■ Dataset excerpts

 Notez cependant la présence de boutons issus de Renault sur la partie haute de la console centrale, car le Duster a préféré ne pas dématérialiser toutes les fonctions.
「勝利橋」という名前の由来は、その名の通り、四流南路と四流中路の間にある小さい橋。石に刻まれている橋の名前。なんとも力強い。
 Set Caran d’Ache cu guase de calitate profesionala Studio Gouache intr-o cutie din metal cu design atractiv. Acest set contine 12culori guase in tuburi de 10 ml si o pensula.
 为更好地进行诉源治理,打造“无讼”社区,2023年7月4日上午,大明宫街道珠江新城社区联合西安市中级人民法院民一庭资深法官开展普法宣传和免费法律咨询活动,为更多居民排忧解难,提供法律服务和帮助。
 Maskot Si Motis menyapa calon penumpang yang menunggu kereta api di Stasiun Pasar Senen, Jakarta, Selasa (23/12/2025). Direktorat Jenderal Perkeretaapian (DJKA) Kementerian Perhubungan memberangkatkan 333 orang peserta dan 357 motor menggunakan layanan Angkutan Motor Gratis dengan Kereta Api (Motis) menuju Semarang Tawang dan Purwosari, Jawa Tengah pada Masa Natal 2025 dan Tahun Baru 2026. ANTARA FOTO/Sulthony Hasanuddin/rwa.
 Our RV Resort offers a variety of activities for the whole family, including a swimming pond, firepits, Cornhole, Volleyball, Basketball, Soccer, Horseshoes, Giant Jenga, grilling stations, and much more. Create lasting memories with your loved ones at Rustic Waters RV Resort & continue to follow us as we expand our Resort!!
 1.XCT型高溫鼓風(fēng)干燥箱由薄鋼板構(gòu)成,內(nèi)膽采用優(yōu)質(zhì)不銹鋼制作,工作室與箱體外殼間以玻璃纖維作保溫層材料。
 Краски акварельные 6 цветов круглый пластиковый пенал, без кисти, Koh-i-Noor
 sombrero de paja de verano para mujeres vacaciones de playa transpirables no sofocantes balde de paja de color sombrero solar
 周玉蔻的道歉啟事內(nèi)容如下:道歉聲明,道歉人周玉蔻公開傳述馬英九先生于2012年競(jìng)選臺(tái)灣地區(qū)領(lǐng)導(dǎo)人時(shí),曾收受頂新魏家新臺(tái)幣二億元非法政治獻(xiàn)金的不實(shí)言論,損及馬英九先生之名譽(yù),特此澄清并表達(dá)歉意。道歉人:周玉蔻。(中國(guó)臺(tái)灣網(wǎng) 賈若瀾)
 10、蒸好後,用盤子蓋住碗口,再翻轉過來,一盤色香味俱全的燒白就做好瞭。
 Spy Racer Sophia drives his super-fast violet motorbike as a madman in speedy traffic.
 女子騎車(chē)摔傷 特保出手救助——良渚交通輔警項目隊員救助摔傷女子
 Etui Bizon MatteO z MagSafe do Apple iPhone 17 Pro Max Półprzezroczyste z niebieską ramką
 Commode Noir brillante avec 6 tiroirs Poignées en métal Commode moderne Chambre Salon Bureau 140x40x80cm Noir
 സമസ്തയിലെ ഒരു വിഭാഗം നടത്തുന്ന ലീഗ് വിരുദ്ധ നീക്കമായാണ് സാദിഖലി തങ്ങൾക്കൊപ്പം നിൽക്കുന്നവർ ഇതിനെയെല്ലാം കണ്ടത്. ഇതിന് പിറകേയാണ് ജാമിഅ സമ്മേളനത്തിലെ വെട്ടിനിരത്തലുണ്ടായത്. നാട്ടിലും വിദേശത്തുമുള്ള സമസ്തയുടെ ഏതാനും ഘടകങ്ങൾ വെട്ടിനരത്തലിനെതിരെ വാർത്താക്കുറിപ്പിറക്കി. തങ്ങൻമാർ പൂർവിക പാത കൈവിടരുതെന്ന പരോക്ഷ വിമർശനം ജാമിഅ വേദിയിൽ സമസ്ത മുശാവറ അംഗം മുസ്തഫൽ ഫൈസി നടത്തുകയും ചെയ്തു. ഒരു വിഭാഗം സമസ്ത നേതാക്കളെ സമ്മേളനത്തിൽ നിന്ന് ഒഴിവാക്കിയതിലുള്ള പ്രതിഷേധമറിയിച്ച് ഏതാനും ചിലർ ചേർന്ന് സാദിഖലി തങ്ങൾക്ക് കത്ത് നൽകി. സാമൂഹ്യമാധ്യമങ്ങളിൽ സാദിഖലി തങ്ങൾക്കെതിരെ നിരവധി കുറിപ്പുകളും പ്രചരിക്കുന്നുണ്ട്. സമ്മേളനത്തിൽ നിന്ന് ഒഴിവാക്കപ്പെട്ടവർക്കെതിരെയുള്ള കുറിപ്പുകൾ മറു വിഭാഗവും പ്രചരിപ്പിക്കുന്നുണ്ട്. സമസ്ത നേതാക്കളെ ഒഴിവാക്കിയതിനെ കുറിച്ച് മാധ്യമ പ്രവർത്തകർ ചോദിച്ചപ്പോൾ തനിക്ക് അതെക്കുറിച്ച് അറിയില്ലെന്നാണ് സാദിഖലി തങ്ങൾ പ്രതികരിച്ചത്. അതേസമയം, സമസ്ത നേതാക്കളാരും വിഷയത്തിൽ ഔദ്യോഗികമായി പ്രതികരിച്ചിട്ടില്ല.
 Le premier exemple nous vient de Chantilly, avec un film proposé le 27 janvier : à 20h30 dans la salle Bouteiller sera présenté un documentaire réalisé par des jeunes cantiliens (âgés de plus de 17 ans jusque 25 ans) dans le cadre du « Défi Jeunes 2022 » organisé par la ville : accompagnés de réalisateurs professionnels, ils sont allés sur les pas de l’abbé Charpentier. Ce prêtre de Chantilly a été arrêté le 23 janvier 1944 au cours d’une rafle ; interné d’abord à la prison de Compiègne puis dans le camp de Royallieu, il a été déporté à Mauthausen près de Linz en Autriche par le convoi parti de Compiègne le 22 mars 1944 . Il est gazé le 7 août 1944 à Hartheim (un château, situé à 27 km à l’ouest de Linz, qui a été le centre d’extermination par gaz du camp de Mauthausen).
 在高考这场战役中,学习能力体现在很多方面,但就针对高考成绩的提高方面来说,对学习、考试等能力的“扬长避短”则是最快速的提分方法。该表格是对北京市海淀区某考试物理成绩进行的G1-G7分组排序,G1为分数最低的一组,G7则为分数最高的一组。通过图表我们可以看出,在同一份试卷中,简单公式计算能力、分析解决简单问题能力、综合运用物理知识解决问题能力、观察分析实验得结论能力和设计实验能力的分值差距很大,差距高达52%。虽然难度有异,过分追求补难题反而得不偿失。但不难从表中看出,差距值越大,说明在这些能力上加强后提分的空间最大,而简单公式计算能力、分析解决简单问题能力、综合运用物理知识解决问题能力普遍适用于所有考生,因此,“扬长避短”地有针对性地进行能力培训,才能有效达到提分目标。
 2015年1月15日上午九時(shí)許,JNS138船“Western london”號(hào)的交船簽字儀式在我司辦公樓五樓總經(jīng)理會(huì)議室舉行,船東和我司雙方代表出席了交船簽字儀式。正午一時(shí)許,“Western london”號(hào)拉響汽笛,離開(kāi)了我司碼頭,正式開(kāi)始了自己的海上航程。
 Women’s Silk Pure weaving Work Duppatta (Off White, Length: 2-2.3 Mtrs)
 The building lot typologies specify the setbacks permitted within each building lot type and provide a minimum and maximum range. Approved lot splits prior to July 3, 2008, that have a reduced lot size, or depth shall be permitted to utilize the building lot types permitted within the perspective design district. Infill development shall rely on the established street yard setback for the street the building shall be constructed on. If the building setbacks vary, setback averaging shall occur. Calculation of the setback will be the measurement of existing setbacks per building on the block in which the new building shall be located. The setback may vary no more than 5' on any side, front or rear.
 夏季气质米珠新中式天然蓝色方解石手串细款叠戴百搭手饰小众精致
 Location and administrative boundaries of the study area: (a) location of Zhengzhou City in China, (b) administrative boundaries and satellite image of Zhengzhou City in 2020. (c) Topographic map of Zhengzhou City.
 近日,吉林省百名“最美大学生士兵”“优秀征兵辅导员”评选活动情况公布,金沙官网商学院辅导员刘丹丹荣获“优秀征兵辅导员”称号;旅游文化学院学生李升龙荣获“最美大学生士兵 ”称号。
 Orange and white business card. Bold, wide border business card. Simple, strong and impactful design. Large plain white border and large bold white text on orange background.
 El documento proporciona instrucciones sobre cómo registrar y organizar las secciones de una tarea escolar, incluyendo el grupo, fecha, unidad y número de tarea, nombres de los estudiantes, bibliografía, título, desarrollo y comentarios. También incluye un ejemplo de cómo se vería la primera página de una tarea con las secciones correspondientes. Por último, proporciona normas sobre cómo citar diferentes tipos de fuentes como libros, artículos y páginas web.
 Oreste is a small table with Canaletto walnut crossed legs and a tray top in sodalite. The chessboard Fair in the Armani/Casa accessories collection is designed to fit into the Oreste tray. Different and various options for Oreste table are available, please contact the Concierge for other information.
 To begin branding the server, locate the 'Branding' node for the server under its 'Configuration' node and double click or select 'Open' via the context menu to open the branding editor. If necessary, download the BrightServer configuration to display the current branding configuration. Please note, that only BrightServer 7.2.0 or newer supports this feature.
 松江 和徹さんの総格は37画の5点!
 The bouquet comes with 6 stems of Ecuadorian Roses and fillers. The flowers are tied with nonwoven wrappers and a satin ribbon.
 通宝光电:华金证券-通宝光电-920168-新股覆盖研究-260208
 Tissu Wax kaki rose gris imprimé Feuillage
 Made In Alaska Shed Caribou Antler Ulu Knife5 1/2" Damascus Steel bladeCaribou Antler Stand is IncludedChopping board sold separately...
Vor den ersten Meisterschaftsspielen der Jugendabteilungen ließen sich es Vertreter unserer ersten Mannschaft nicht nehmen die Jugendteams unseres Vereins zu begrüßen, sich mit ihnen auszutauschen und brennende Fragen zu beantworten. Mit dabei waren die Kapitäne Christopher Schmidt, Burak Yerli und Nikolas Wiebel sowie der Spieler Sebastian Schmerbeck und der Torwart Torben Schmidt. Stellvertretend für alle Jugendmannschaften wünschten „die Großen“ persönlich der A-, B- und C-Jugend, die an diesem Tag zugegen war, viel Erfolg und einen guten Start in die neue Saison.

■ YOUR OBJECTIVE
Please transcribe only the lines in the records above running from the line that has "松江 和徹さんの総格は37画の5点!" through the line that has "Made In Alaska", both included, exactly as they appear.

■ TASK RESULT
 松江 和徹さんの総格は37画の5点!
 The bouquet comes with 6 stems of Ecuadorian Roses and fillers. The flowers are tied with nonwoven wrappers and a satin ribbon.
 通宝光电:华金证券-通宝光电-920168-新股覆盖研究-260208
 Tissu Wax kaki rose gris imprimé Feuillage
 Made In Alaska Shed Caribou Antler Ulu Knife5 1/2" Damascus Steel bladeCaribou Antler Stand is IncludedChopping board sold separately...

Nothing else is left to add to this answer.